Seit Wochen ist eine neue österreichische Bundesregierung im Amt, mit gemächlichem Reformtempo. Das gilt auch für das apostrophierte Herzstück, die Bildungspolitik. Womit die Ungeduld steigt. So mancher will sich durch spektakuläre Absichten der Koalition über Miseren nicht weiter hinwegtrösten lassen, wie etwa Harald Miesbacher (s. Furche Nr. 8, S. 7). Sollen wir nun für die Zukunft eher eine "magische" Wissenspolitik erwarten oder uns doch auf spontane Ernüchterungen einstellen?

I. Baustelle PISA

Eine magische bildungspolitische Baustellenarbeit könnte schon am Fundament scheitern, denn ein Gesamtkunstwerk will das Kunstwerk Schule, so scheint es, nicht werden. Sinnlichkeit und ästhetische Rationalität gestattet man weithin gerade noch der alternativen Figur einer Reformpädagogik oder einigen angeblich exotischen Schulfächern. Ästhetische Überzeugungsarbeit wie jene der Kunst gilt als eher artfremd.

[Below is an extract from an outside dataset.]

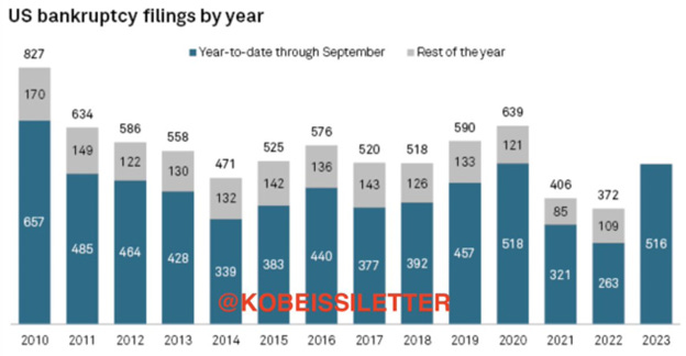 After every period of credit growth, we see an increase in bankruptcies. It is the natural order of things. These bankruptcies need to happen to clear all the malinvestment from the previous cycle. It gets rid of the zombie companies and makes room for new, more efficient companies.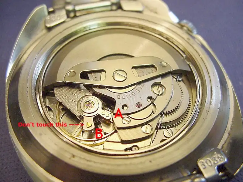 1. Regulating a mechanical watch means making it run slightly faster or slower, by making a small change in the effective length of the balance hairspring. The shorter the effective length, the quicker the balance completes its swing and so the watch runs faster. If the effective length is made greater, the opposite occurs. This change is made by moving the regulating lever, marked ‘A’ in the photo below. Note that there is also a beat adjustment lever, marked ‘B’ in the photo. This lever should NOT be touched, unless you suspect the movement is ‘out of beat’ and you have some sort of instrument such as a watch timer which will allow you to see when it is ‘in beat’ again. I will explain these terms more fully later on.

Die gesetzten Fundamente liegen anders, das ist wohl richtig. Man kann es gut an der Hochkonjunktur ablesen, die in der letzten Zeit im Blätterwald und auch sonst durch das Bekanntwerden der internationalen Schulleistungsmessungen nach dem Modell von PISA erreicht worden ist. Unter Nutzung einer von Meta-Eliten als Weltrezept erdachten didaktischen Struktur sollen damit in den Schulen rund um den Erdball die gleichen ökonomisch funktionalen Qualifikationen durchgesetzt werden. Was sie erzielen können, ist eine Prognose der individuellen Anpassungsfähigkeit auf internationalen Ausbildungsmärkten. Aber ihre extensive Durchsetzung könnte zu einem Verlustgeschäft ausarten, denn der Gestus eines didaktischen Weltmaßstabs muss zwangsläufig stark vereinfachen, von kulturellen und historischen Unterschieden abstrahieren und sich auf Formales zurückziehen.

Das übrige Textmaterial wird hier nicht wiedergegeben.